Embora certos paradigmas dominem a ciência em momentos particulares, eles não são desafiadores nem imutáveis. Ocasionalmente, os cientistas encontrarão falhas no paradigma existente. Kuhn se referiu a essas falhas como anomalias. Estes são bits de dados que parecem não se encaixar no paradigma existente: nenhuma adaptação teórica satisfatória do paradigma parece explicar adequadamente sua existência. A presença de tais anomalias pode incentivar esses cientistas a apresentar um paradigma alternativo que possa explicar as anomalias. A princípio, é provável que esses paradigmas alternativos sejam resistidos pelos proponentes da ciência normal. Mas, com o tempo, à medida que as anomalias aumentam e o novo paradigma atrai mais seguidores, pode haver uma “mudança de paradigma”. Os cientistas abandonam o antigo paradigma e começam a interpretar os dados à luz do novo. Quando isso acontece, um Revolução científica pode-se dizer que ocorreu.

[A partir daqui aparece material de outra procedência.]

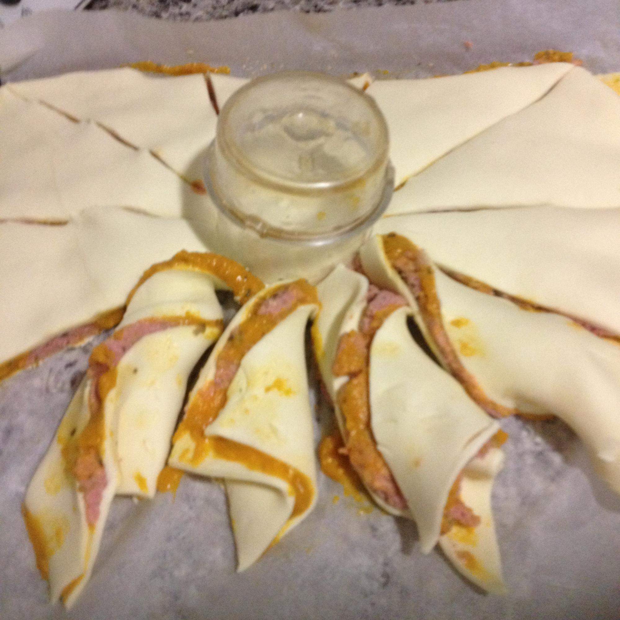 6. Partir a massa folhada ao meio (dobra-la e cortar mesmo ao meio). Metade da massa folhada cobrir com o molho polvilhar com oregãos e colocar o recheio.

O principal exemplo de revolução científica de Kuhn é a mudança da visão geocêntrica ptolemaica do sistema solar para a visão heliocêntrica copernicana. Essa revolução ocorreu nos séculos XVI e XVII. Copérnico, Kepler e Galileu foram os principais responsáveis ​​pela instigação dessa revolução. O paradigma ptolomaico havia dominado a astronomia por quase mil anos. Gerou fórmulas complexas para prever observações astronômicas. Havia algumas anomalias insatisfatórias nele, como o movimento estranho dos planetas que precisavam ser explicados pelo uso de epiciclos. Dito isto, o paradigma ptolomaico e suas teorias associadas pareciam se encaixar muito bem nos dados existentes e eram bastante intuitivos (para nós, aqui na Terra, parece que estamos parados). Copérnico defendeu uma mudança de paradigma, inicialmente em termos amplamente estéticos, em direção a uma visão heliocêntrica do sistema solar. Eventualmente, as evidências montadas a favor de seu paradigma geocêntrico e as teorias e fórmulas que ele gerou foram mais diretas e precisas do que aquelas geradas no antigo paradigma ptolomaico. Uma revolução ocorreu.

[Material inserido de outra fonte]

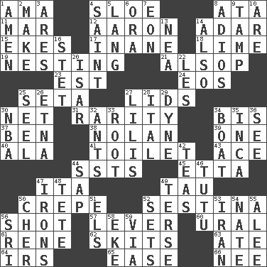 ACROSS 1. Wet nurse (var.) 4. A type of plum 8. _ moment's notice (2 wds.) 11. Impair 12. Composer Copland 14. The sixth month of the Jewish calendar 15. Supplements with great effort 17. Lacking in sense or substance 18. Welles in "The Third Man" 19. Inhabiting a nest 21. Columnist Joseph or Stewart 23. Eastern Standard Time (abbr.) 24. Greek goddess of the dawn 25. Bristle 27. Hats (slang) 30. Fish or hair follower 31. Noteworthy scarcity 34. Altar cloth linen 37. Benjamin's nick name 38. Pitcher Ryan 39. Single 40. In the manner of 41. Bathroom 43. Adept person 44. Fast planes 45. Singer James 47. Call ___ day 49. The 19th letter of the Greek alphabet 50. Streamer paper 52. French poetic form 56. Went for two points 57. Crowbar 60. Mountain range 61. French philosopher Descartes 62. Burlesque acts 63. Had dinner 64. Big collection agency 65. Relaxation 66. Born DOWN 1. So be it 2. Cause to be 3. Ancient Greek god of war 4. Virtuous person 5. Long (Scottish) 6. Mouth or opening 7. A really long time 8. Goodbye (Sp.) 9. Pack (down) 10. "We ___ not amused" (Victoria) 13. Teachers' org. 14. In addition 16. Proofreading order 20. Austrian river, tributary to the Danube 22. French article 25. Stitch closed the eyes of (a falcon) 26. Inactive volcano in Sicily 27. Ms. Damita and namesakes 28. Slanted text style (abbr.) 29. Unit of force 30. Basketball assoc. 32. Pismires 33. Carrot, for example 34. Water vessel 35. South American Indian 36. Perceive with the eye 42. Beverages made from leaves 44. Plant excrement 46. Ballerina skirt 47. Removes the wrinkles 48. False hair 49. Laconic 50. "Mermaids" star 51. Raised railways 52. Puts into a specified state 53. SW Asia republic 54. Nathan's nickname 55. Toward shelter 56. _ Lanka 58. Make supply last 59. By way of

Essa é a essência da teoria de Kuhn. Há algumas características-chave da mudança de paradigma kuhniana que valem a pena enfatizar antes de prosseguir. Primeiro, uma das principais reivindicações de Kuhn é que paradigmas são incomensurável. Ou seja, eles não podem ser medidos ou avaliados ao longo de uma rubrica comum. Paradigmas, em certo sentido, são a rubrica. Eles são a estrutura através da qual as evidências são avaliadas e medidas. Assim, os paradigmas heliocêntricos e geocêntricos são incomensuráveis. Eles têm interpretações radicalmente diferentes de dados empíricos a respeito do movimento dos planetas e da natureza do universo. Segundo, outra das principais reivindicações de Kuhn é que as revoluções são frequentemente evidenciadas por meio de mudanças linguísticas, através das quais a terminologia endossada sob o antigo paradigma é desenvolvida para se ajustar ao novo paradigma. Por exemplo, a palavra “planeta” significava algo diferente sob os paradigmas geocêntrico e heliocêntrico. Sob o paradigma geocêntrico, um planeta era uma estrela aberrante que parecia “vagar” pelo céu noturno em relação às estrelas de fundo fixas. Sob o paradigma heliocêntrico, não era uma estrela, mas outro corpo semelhante à Terra orbitando o sol. Cooptações linguísticas desse tipo são importantes para a construção de um novo paradigma.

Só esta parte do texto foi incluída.